1.No ciclo de 28 debates televisivos, a justiça começou por ser um tabu. Nenhum jornalista colocou o tema na primeira semana de debates. Nenhum político falou do assunto por iniciativa própria. Nenhum comentador pronunciou a questão que tinha levado à queda do Governo de António Costa. Foi como se as guerras entre ministério público e magistratura judicial, corrupção, tráfico de influências e outros delitos não estivessem na origem de uma crise política que interrompeu uma legislatura. Durante dias seguidos, a justiça abriu noticiários televisivos e fez as manchetes da imprensa escrita. Nas redes sociais, o mesmo debate: culpados ou inocentes. Imagino que no Portugal profundo, afastado da litoralidade onde a exposição aos media é maior, muitas pessoas se interroguem ainda hoje sobre o porquê de uma chamada às urnas dois anos depois de uma maioria absoluta do Partido Socialista.
Quando é que o tabu deixou de ser tabu? O ponto de inflexão deu-se com as detenções na Madeira, nomeadamente do presidente da câmara do Funchal, e as suspeitas sobre Miguel Albuquerque. A partir desse momento, líderes partidários e comunicação social começaram a falar do tema com incómodo, é certo, mas falaram.

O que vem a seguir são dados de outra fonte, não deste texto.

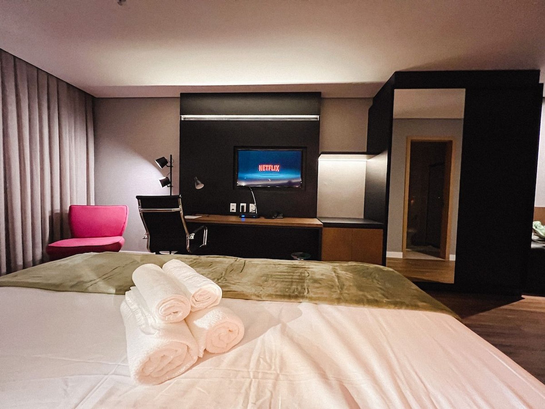 #1007 Fique em um lugar sofisticado perto de tudo o que você quer visitar. Esse quarto super espaçoso com uma cama king, ar condicionado, frigobar, tv a cabo, sofá para leitura, desk para seu home office. Você estará perto de tudo, super bem localizado e ainda poderá usufruir do restaurante L'etoile D'argent com sua deliciosa gastronomia francesa. Piscina red pool no rooftop com vista para Goiânia, academia completamente equipada para seus treinos ficarem em dia. Venha viver essa experiência.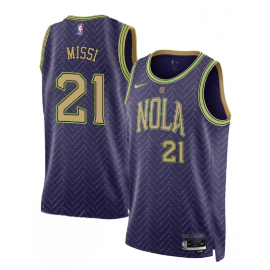 >Men's New Orleans Pelicans #21 Yves Missi Purple 2024-25 City Ediiton Stitched Basketball Jersey
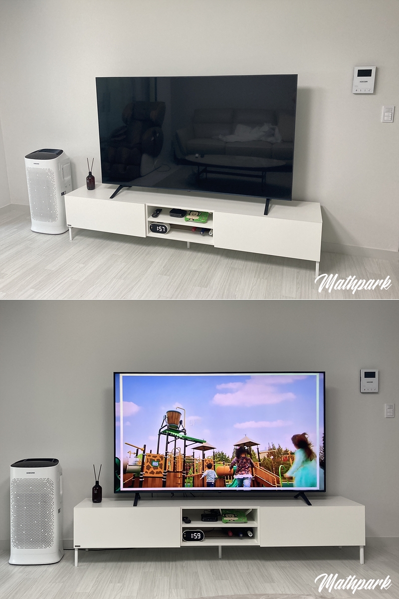 TV가 도착해서 설치해놓고 보니 이번에는 TV 스텐드장이 너무 작아 보입니다. ㅋㅋㅋㅋ 무게 때문에 위태로워 보이기도 하고 영 불편합니다.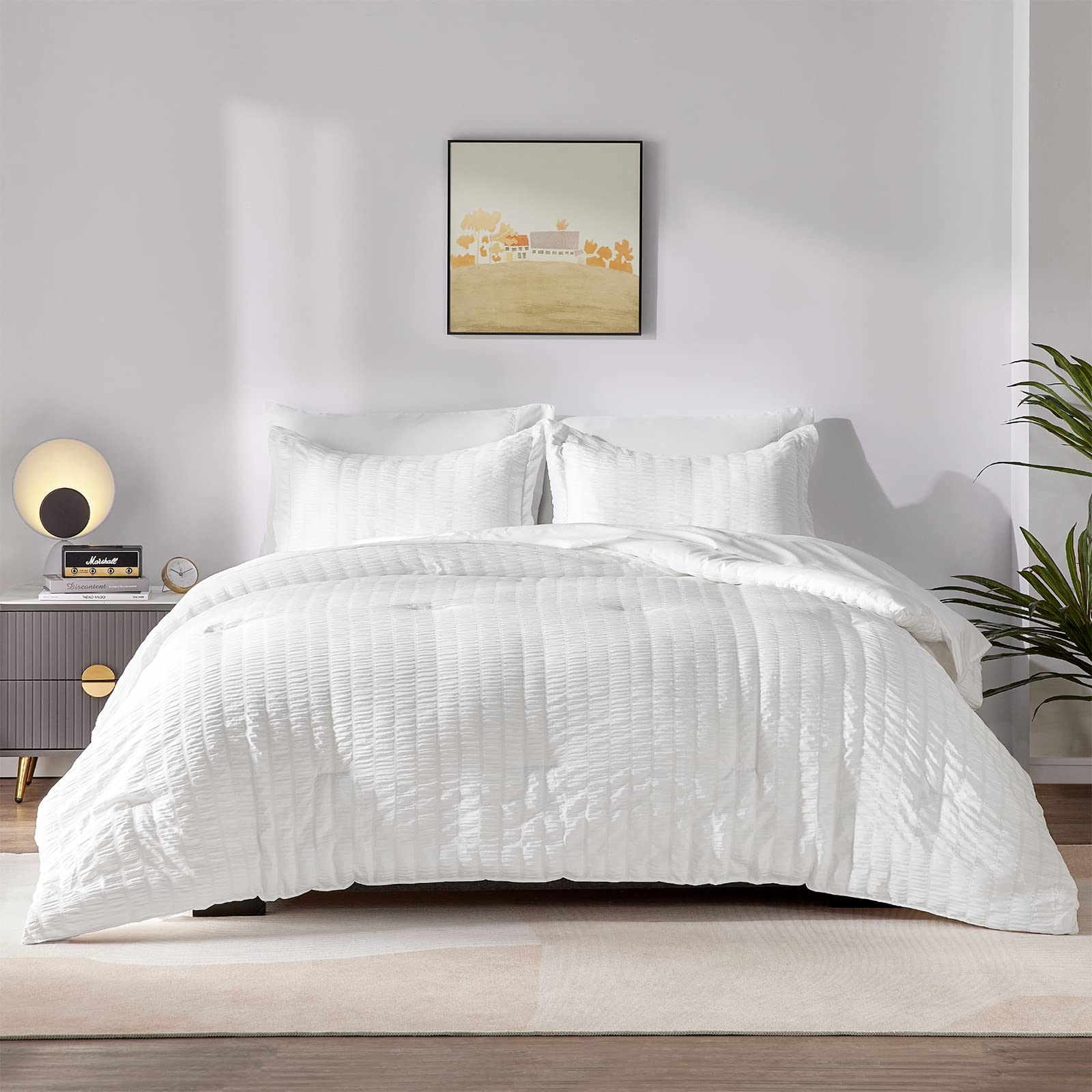 - The complete set utilizes 100% Microfiber. Whole-piece microfiber fill in the comforter provides exceptional warmth and coziness. The front side just has the “wrinkled look” and the underside is smooth. Solid stitching for the comforter largely improves its durability, well-preventing bunching, and creates a lightweight quilt for year-round comforts.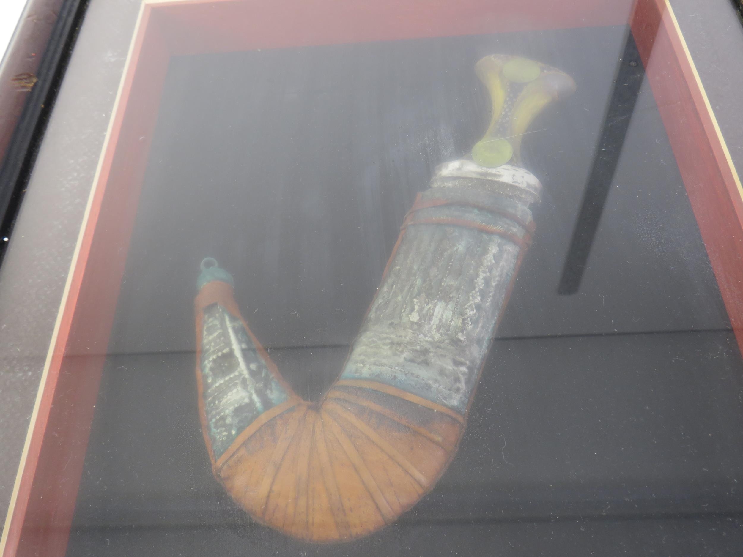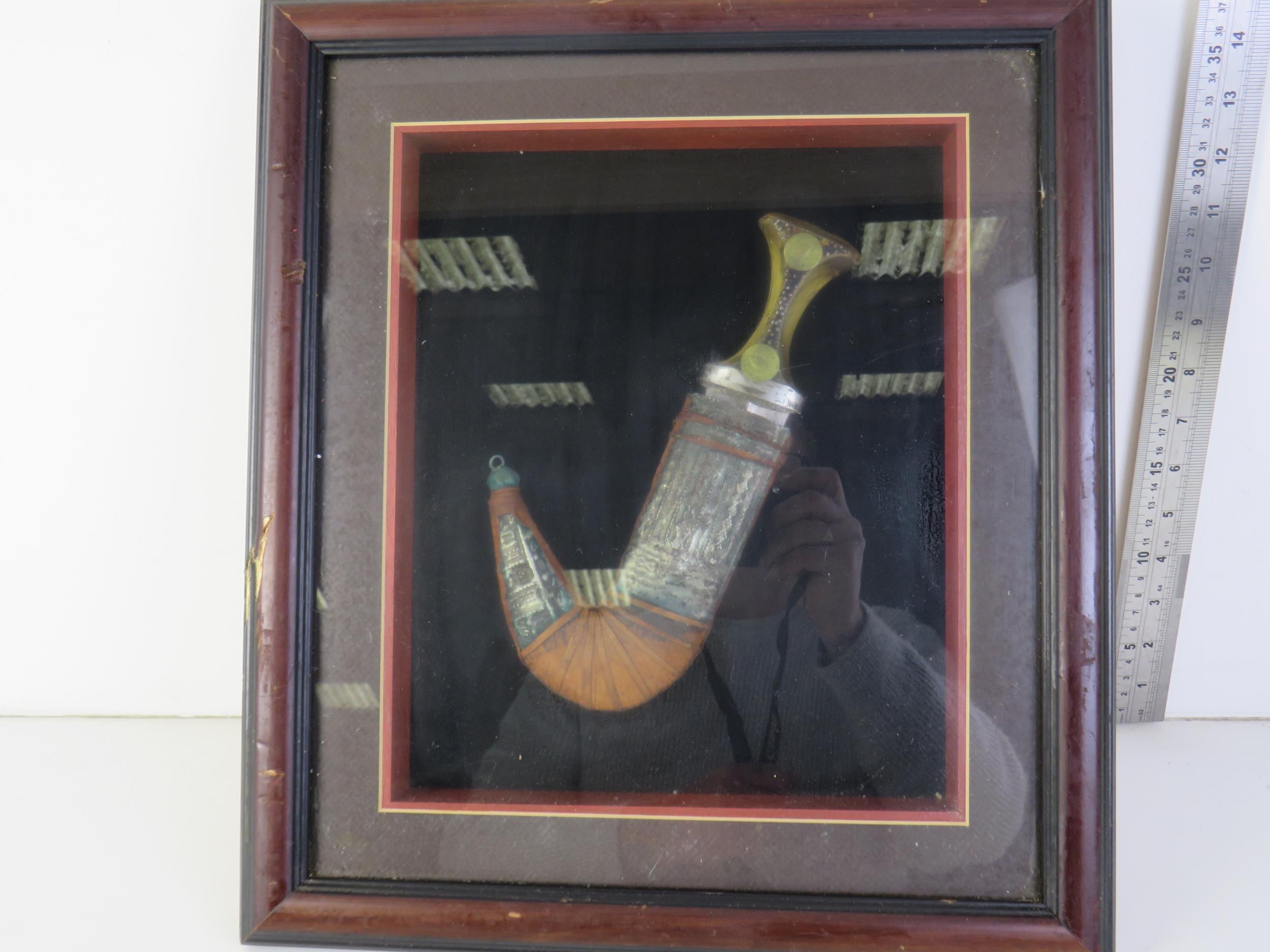 Jambiya yemen dagger bone handle displayed in a frame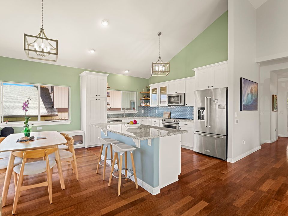 Large islandOcean viewSweeping ocean vistasOpen floor planStainless steel appliancesNatural lightWell-appointed kitchen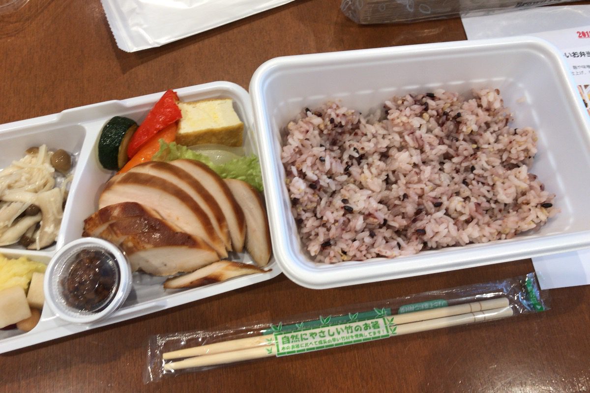 行ってみると、カラダにやさしいお弁当。いや、よく見たら昨日のかんばんにもお弁当のお店って書いてあるか……。主菜をお肉とお魚、ごはんを雑穀米と炊き込みご飯から選べるとのこと。むむむ。肉×雑穀米のペアでお願いします! 店内のイートインで食べていきたいです!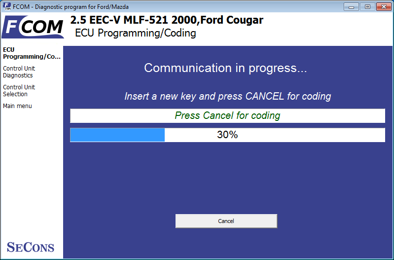 Tryk derefter på //Cancel//-knappen for at starte kodningsproceduren. Hvis du skifter nøgle, må tændingen ikke være slået fra i mere end 10 sekunder.

Esta segunda-feira, soube-se que o juiz do processo Influencer desvalorizou as suspeitas sobre António Costa, considerando-as vagas. Na mesma segunda-feira, Miguel Albuquerque anunciava que estava a ponderar recandidatar-se não obstante o processo judicial em curso. Perante estes dados, a justiça voltou ao mesmo lugar onde estava há três semanas, ou seja, silenciada pelos atores políticos e mediáticos.
2. Na contagem para as eleições de 10 de março, está parcialmente concluída a fase da audiovisualização da política se considerarmos que o ciclo de debates televisivos está encerrado. Depois dos 28 debates que colocaram frente a frente os diferentes líderes com representação parlamentar, aguardava-se com natural expectativa o confronto televisivo entre Luís Montenegro e Pedro Nuno Santos. Um deles será primeiro-ministro. Esta é a escolha nas democracias contemporâneas de base parlamentar como a portuguesa. Os eleitores votam em partidos, escolhem os 230 deputados, mas no centro do processo eleitoral está a liderança do governo. É a chamada ‘presidencialização do cargo de primeiro-ministro’ como referem alguns politólogos. Daí que sejam importantes princípios como a credibilidade, a confiança, a preparação, sendo que a liderança é a soma de todas estas variáveis.
É à luz deste enquadramento que os debates entre os candidatos à chefia do executivo são classificados como decisivos. É assim que as televisões os comunicam. Não é tão certo que seja assim que os eleitores os percecionem. Nas sociedades mediáticas, os debates são relevantes mas não são determinantes. O vencedor de um debate pode não vencer a eleição. Há dois anos, os comentadores deram a vitória a Rui Rio no debate com António Costa que conseguiu uma maioria absoluta. De igual modo, por exemplo nos Estados Unidos, há uns anos, John Kerry pelo Partido Democrata venceu o debate com o republicano George W. Bush. No entanto, a eleição foi ganha por Bush. Não existe, de facto, uma relação direta entre a performance mediática e o voto, embora a primeira não possa ser negligenciável.
3. No ‘duelo’ Pedro Nuno Santos/ Luís Montenegro, estava fundamentalmente em causa a conquista para o campo eleitoral de cada um do milhão e meio de indecisos. É um número muito elevado. Porventura, o mais elevado de sempre. São estes indecisos que irão certamente dar a vitória ao PS ou à AD. A dúvida está em saber se o debate contribuiu para a decisão de quem até segunda-feira não sabia em quem votar ou se, pelo contrário, as contas ficaram na mesma. Isto é: PS e AD em situação de empate. A confirmar-se esta segunda hipótese, resta a campanha de rua no país real por vezes tão afastado da bolha politica e mediática. Faltam 17 dias para as eleições.